Canonicalize space in lists of IANA time-zones

In the Windows zone-ID code, we tokenize() a text extracted from CLDR
data. However, a leading or trailing space (or a repeated internal
space) would then give an empty "IANA ID" for us to match, causing the
empty ID to be mapped to the Windows ID for the entry with the
superfluous space.

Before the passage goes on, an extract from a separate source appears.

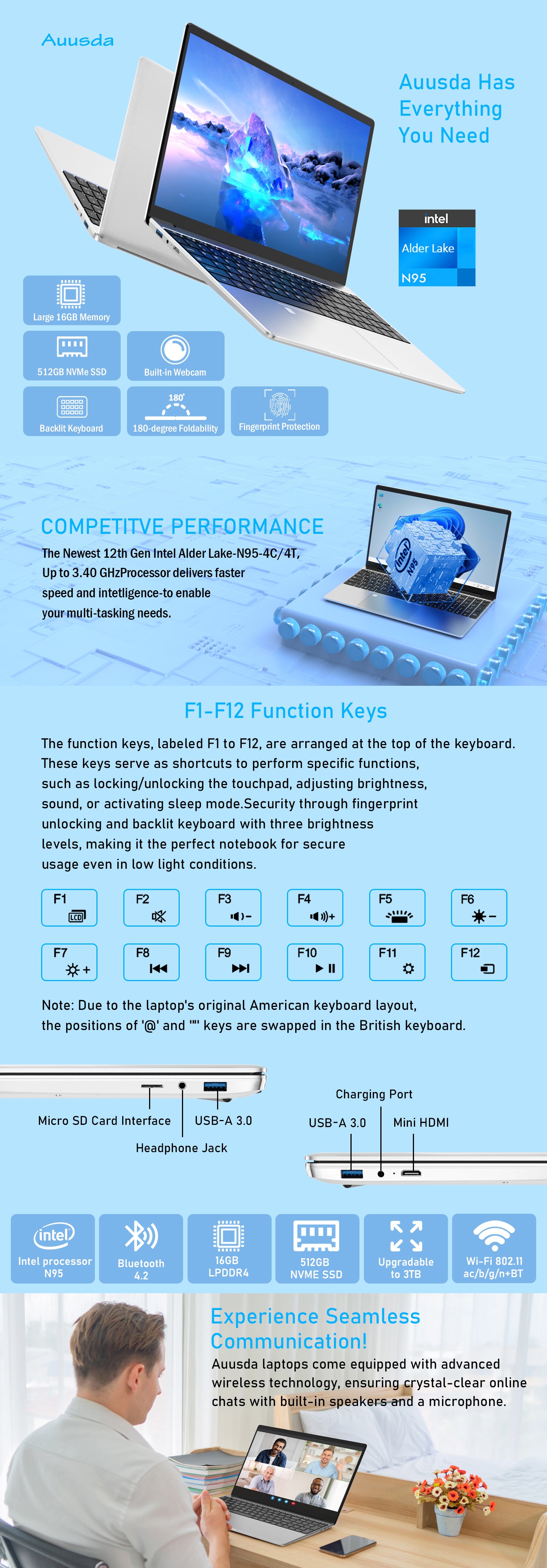 Auusda T152A Laptop-Intel N95,16GB DDR4 RAM 512GB NVMe SSD,Silver

This was uncovered by an entry with a trailing
space in CLDR v43's data.

Canonicalize spacing in the IANA ID lists extracted from CLDR so as to
ensure this doesn't happen. (We could pass Qt::SkipEmptyParts to the
tokenize() call, but fixing the issue when generating the data is
cheaper and more robust than fixing it at run-time every time it's
consulted.)

Task-number: QTBUG-111550
Change-Id: Ib3883419558d6574141e9ab0bc929ade2d73e020
Reviewed-by: Ievgenii Meshcheriakov <ievgenii.meshcheriakov@qt.io>
This commit is contained in:
Edward Welbourne 2023-08-01 14:47:22 +02:00
parent ee593cdde6
commit 69a0cec4d0

View File

@ -448,7 +448,7 @@ enumdata.py (keeping the old name as an alias):
wid, code = attrs['other'], attrs['territory']
data = dict(windowsId = wid,
territoryCode = code,
ianaList = attrs['type'])
ianaList = ' '.join(attrs['type'].split()))
try:
key = lookup[wid]